Tuesday, July 13, 2010

What's Next for Kuwait's Activits?

As I expected a few days ago in my post, Al Fadhala has been released to a waiting and anxious crowd of supporters, amid cheers and tears. His case has been well-supported during his incarceration, mostly by people he either knew or were related to in some other way. The blogosphere was alight with news and events and criticism of everything from the court's decision to the PM's arrogance. So it's no surprise  that when he was eventually released after his second hearing yesterday, everyone was ecstatic. Personally, I was following every Tweet during his hearing, thanks to Om9edda and others, so when I read about his immediate release,  I felt as if a big load was just lifted off my chest, as I'm sure everyone else did when he emerged in his prison garbs. Hell, even the prison cops were smiling, for God's sake :) One of Kuwait's sons, who was imprisoned for political reasons, has been released by the power of the Law.

So, now what?

As I understand it, Khalid's a convicted felon now, his felony being that of slander against the Prime Minister in person, believe it or not. But instead of serving 3 months in jail, the judge commuted his sentence to the 10 days already served, upheld the KD150 fine and sent him off. So, he's still legally guilty of a felony, which makes him ineligible to run for office, according to Article 2, Section 1 of Kuwait's Elections Law, unless and until he's cleared his record with a Court's order. Worst-case scenario if he doesn't run for office, he'd be a very influential political activist.

Fueled with more wrath and a much clearer insight into the ugly truth of Kuwaiti Politics in the 21st Century, he will undoubtedly be pursuing more concrete evidence of the Government's inability to fix the state of corruption and developmental degradation we're in today. Khalid has a heavier responsibility to shoulder, now that he's achieved what many politicians live & die for; political immortality, just like his name.

He will need to enlighten his followers about the truth behind the lies, he will need to be an example of what a proper Political Activist should be in Kuwait; A cordial, soft-spoken diplomat, skilled enough to tell you to go to hell in such a way that would make you look forward to the trip.
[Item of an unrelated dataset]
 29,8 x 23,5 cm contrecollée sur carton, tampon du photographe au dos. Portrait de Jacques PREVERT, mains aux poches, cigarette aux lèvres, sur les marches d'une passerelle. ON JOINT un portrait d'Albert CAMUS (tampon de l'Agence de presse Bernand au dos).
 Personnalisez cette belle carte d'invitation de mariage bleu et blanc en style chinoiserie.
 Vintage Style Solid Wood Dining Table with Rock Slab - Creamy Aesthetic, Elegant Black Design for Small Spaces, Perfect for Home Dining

He would also need to show restraint when facing the opposition, whoever, whatever and wherever they are, and that's the tricky part, I suppose. The men and women around him who will attend his speeches and listen to them intently will have to be told what road to take in order to succeed. The interviews he will be giving will have to show that he hasn't changed as a consequence of his indictment and imprisonment, and that he will continue to pursue corruption and it's figureheads until it's leaders are  exposed and brought to justice.
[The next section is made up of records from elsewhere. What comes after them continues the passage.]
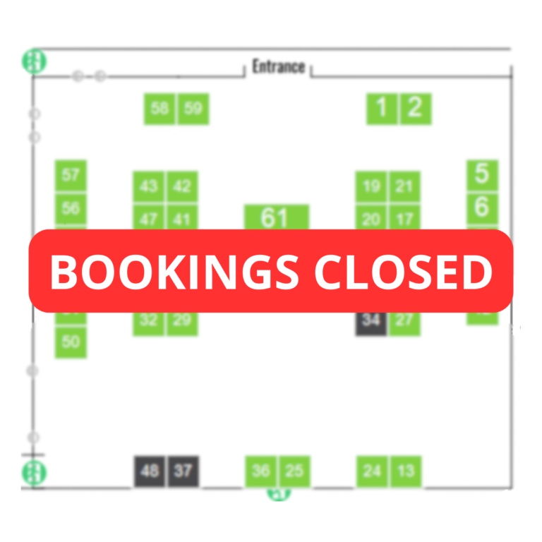 - Your booth will be placed on HOLD (Black) and confirmed on payment which can be done through the exhibitors portal or via direct debit.
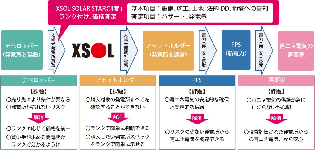 株式会社エクソル(代表取締役社長:鈴木 伸一、本社:京都市中京区、以下、エクソル)は、「XSOL SOLAR STAR 制度」の運用を開始します。「XSOL SOLAR STAR 制度」は太陽光発電所の設備、法的デューデリジェンス、ハザードや発電量などを検査・評価してランク付けし、価格査定するサービスです。
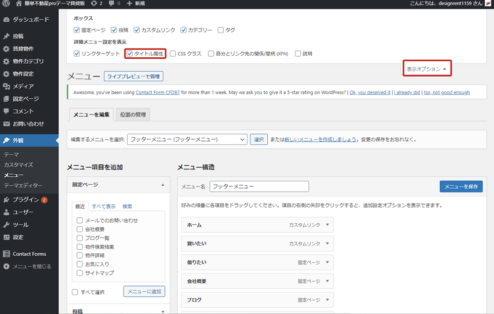 メニューを作成します。 管理画面にログインします。 外観>メニュー をクリックします。 メニュー設定画面になるので、ここでメニューを作成します。 作成するメニューは以下...
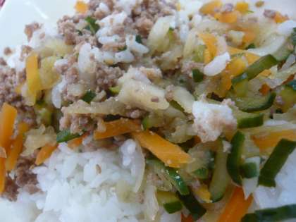 いろいろな具材を混ぜ合わせて、おいしくいただきました。

In Kuwait that's a tall order, as many of these people have layers and layers of protection around them, chiefly among them are some MP's and high-ranking officials within the Government Ministries, who may be protected themselves through blood relations, association, or in some cases, collaboration and blackmail. However, as long as there are people like Khalid Al Fadhala, who have shown that they are  more than willing to pay the price for their bold determination to effect positive change, things can only get better for all of us.
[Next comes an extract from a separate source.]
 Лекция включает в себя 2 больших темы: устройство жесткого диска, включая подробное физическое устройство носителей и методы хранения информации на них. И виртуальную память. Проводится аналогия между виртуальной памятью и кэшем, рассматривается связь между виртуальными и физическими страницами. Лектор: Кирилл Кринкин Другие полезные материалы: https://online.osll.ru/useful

Today, Kuwait is a better place, Kuwaiti Democracy is a more mature heritage, Kuwaiti Justice is not as politicized as once accused, and Kuwaiti society has ultimately become a more enlightened and more determined one, all thanks to the PM's insistence to sue anyone who would criticize his office. Today, there lives another hero of the people, a righteous one, who has everything to lose and is still unafraid. It won't be long before more like him prop up and take center stage, only this time, there won't be any invisible puppet masters to dictate how and what to say, like some existing MP's.

Today, for the first time in a long time, the Government is worried, really worried.